Others were there for the same reason. One woman she met had, in the real world, purchased plane tickets to a bunch of countries, until the pandemic canceled all travel. “So she went to different worlds in Second Life instead,” Ristow said. Her own year in the game, Ristow said, involved joining a free co-working space: “It’s cheesy, it’s cute. A little coffee machine, little donuts, little desks, and a Stargate to teleport there.” She parks her avatar there even as she’s working on her offline job, just for the feeling of being around people.
The pandemic made its presence felt in other ways as well. Covid-19 support communities emerged, as well as a coronavirus resource center, created by a healthcare professional. People argued, while socializing within the game, about whether their avatars should wear little virtual masks. “We’ve also seen political turmoil and activism translated into the virtual space,” Altberg said.
Going shopping on Second Life
Not everyone in the game turned out to be a big spender last year. Ristow knew that some of the avatars around her were of players who’d lost their jobs in real life. “Some people were just starting out, or they were financially insecure. So they were looking for budget-friendly things to do.”
Others tried to substitute the experience of shopping online for the absence of shopping offline. “Buying on Amazon is not the same as going into a shop and looking at clothing, and you could do that on Second Life,” said Susanna, a copywriter from Graz, Austria, who asked to be quoted just by her first name.
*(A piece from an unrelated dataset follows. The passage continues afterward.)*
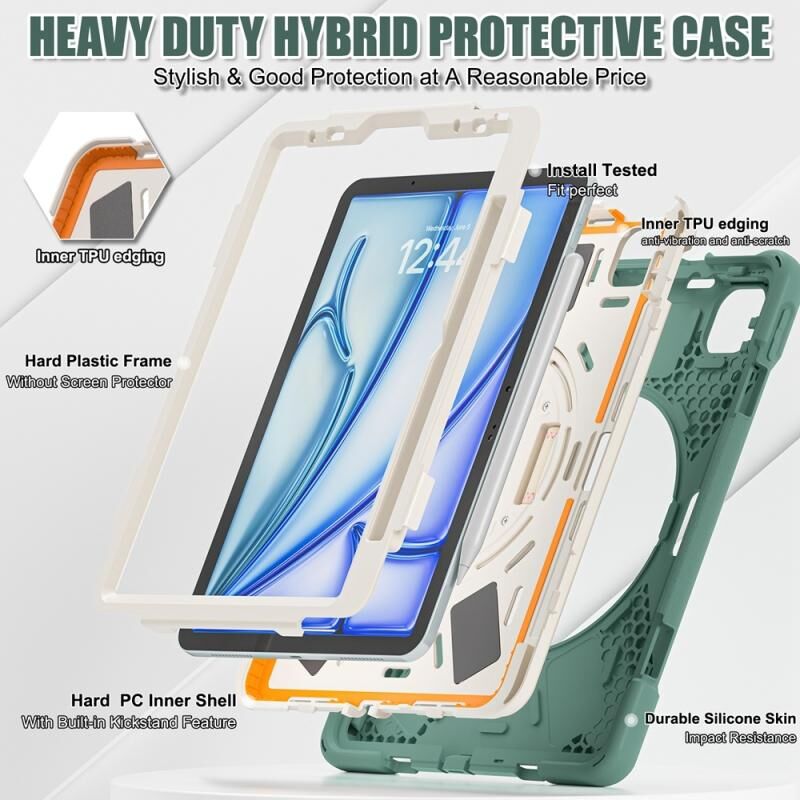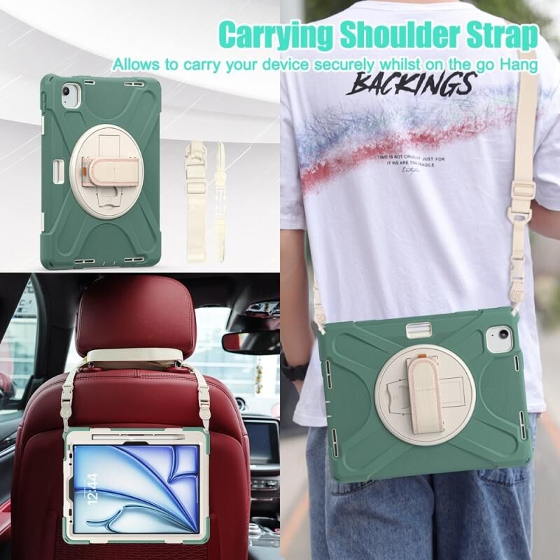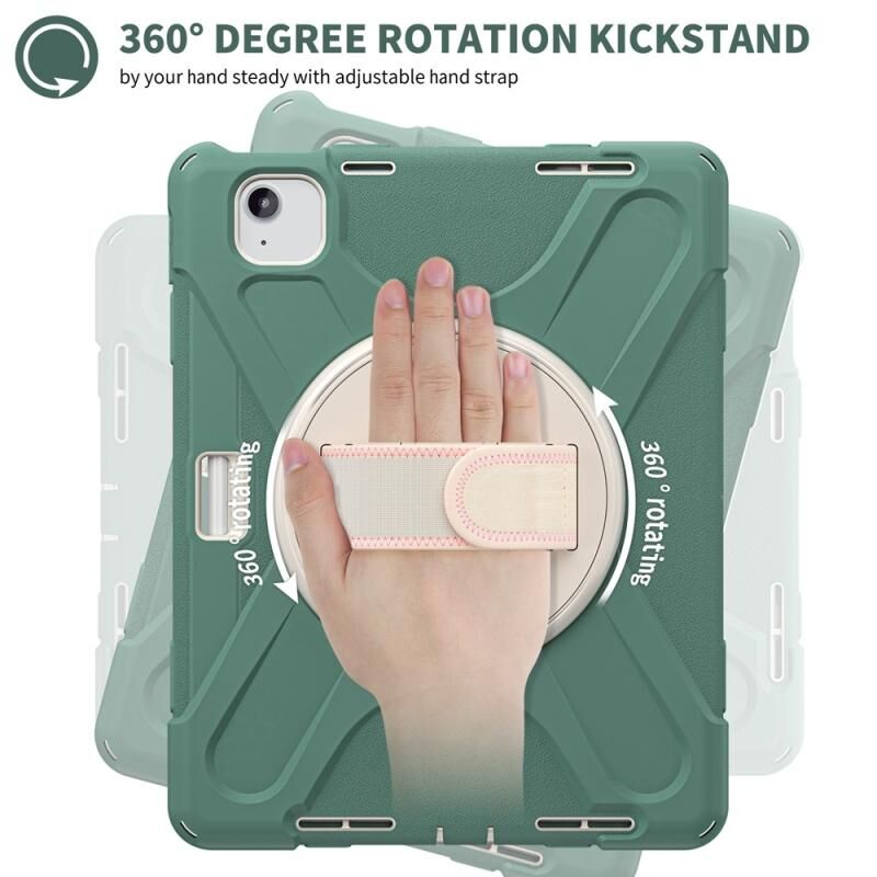 For iPad Air 11 2024 / Air 11 2025 Rotatable Holder Silicone Hybrid PC Tablet Case with Shoulder Strap(Emreald Green)

She bought herself “a sort of new skeleton” for her avatar—a better frame on which the graphics hung. In Second life terms, it was expensive—nearly 3,600 Linden dollars, or around $15.
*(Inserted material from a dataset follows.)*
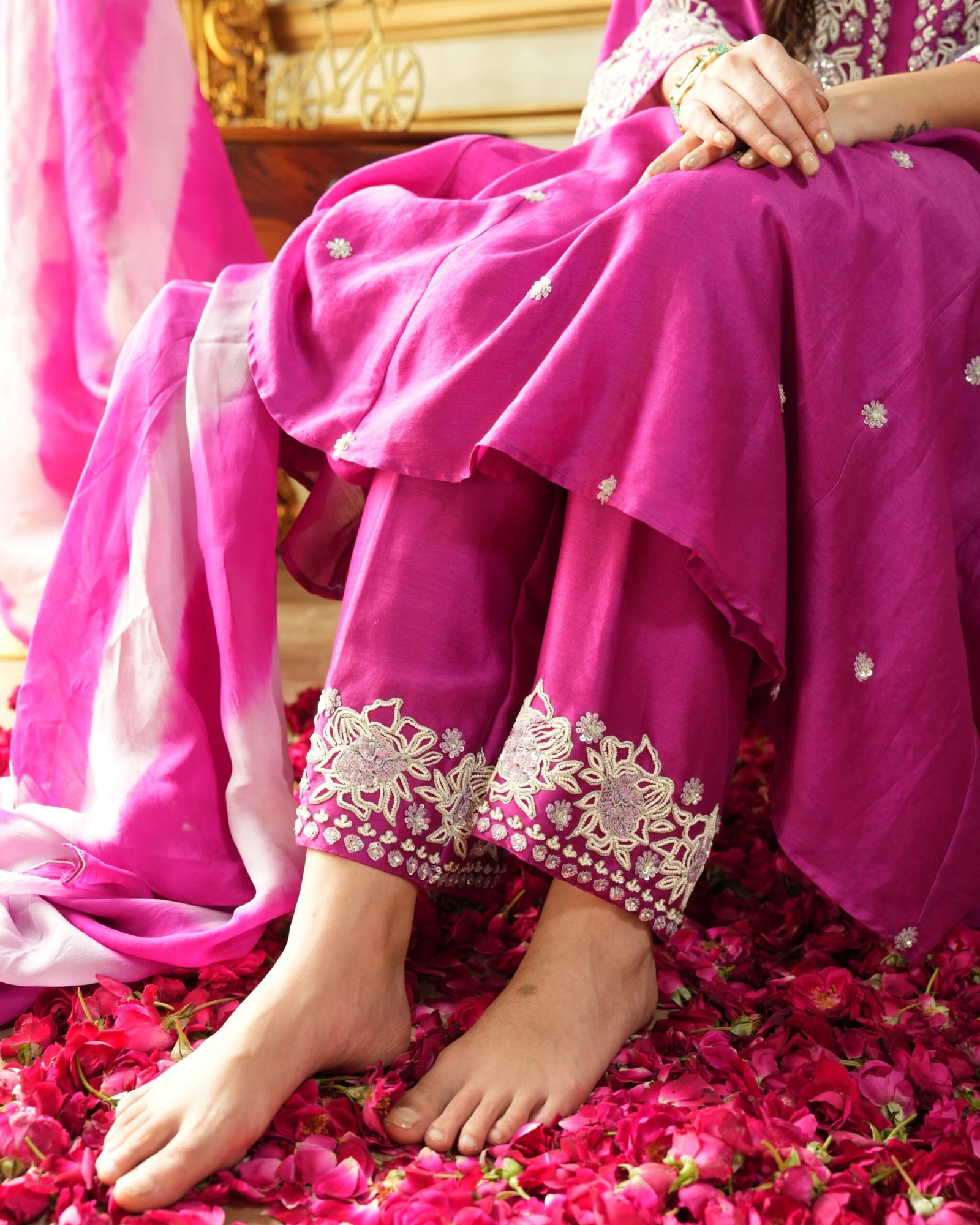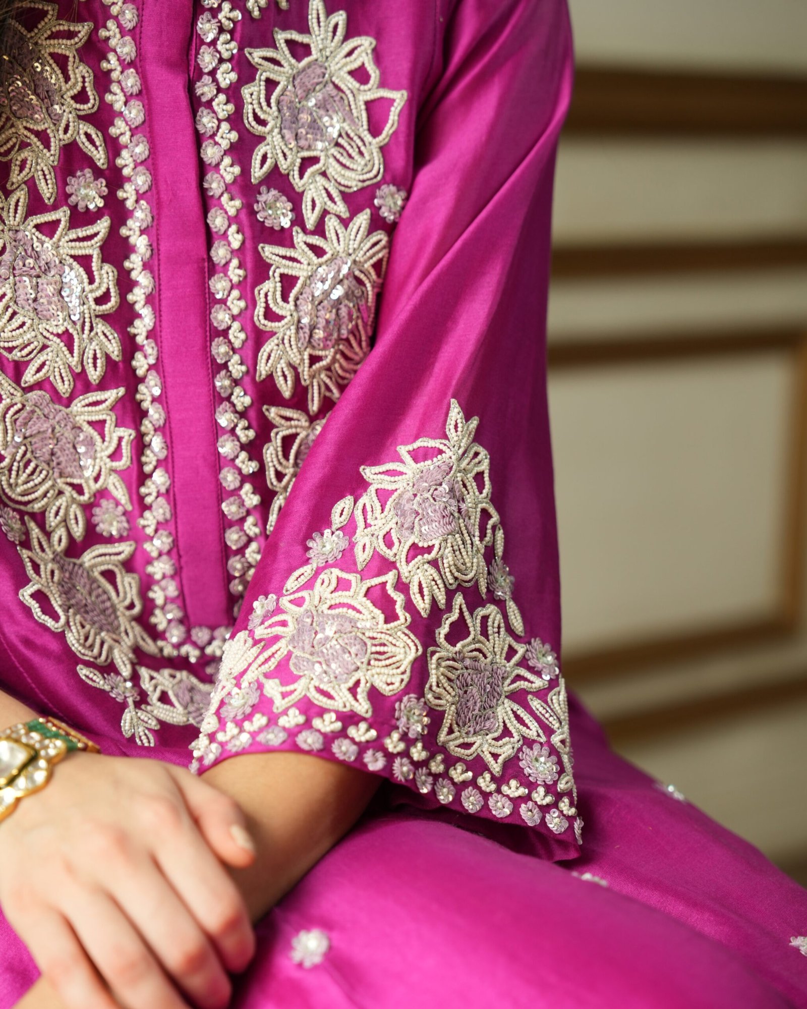 The Zariya Gulnaar Suit Set is crafted in luxurious silk chanderi and features a rich magenta kurta adorned with intricate embroidery, delicate dori work, and pearl hand detailing. Paired with embroidered pants and a complementing dupatta, it’s the perfect choice for festive occasions and family gatherings.

Musicians set up virtual concerts, and players attended those, buying tickets or tipping the artists. One player, who runs a shop that supplies avatars with virtual pets and babies, and who asked not to be named, said that her business jumped 30%. “Unfortunately we live in a world where we’re shown these beautiful, expensive things,” she said. “That kind of lifestyle is very inexpensive in virtual life. Maybe it’s just about getting a necklace you can’t otherwise afford—it’s just as gratifying to wear one on your avatar.”
The gulf in prices between a Second Life kitten (about $4.30) and a Nyan Cat NFT (around $600,000) raises the question of which kind of temperament in the NFT market will outlive the other. It’s difficult to say if the crazier valuations will persist into the near future—just as it’s difficult to say, for instance, what the value of bitcoin will be a year from now. The action feels too new and too superheated to extrapolate.
Second Life, on the other hand, has grown steadily for the better part of two decades now. Its economy is unlikely to plummet, just as it refuses to grow at nuclear rates. But the coming end of the pandemic, and the return of everyone’s first lives, won’t leave Second Life unaffected. “Last year, things opened up here for a while in Austria, and I disappeared from the game,” Susanna said. “I got a lot of messages from my friends online, who were worried about me.” She shrugged. “But you know. It was summertime. It was possible to have a normal life.”
Correction: The Linden dollar-US dollar exchange rate is 249 to $1, not 320 to $1 as a previous version of this story reported.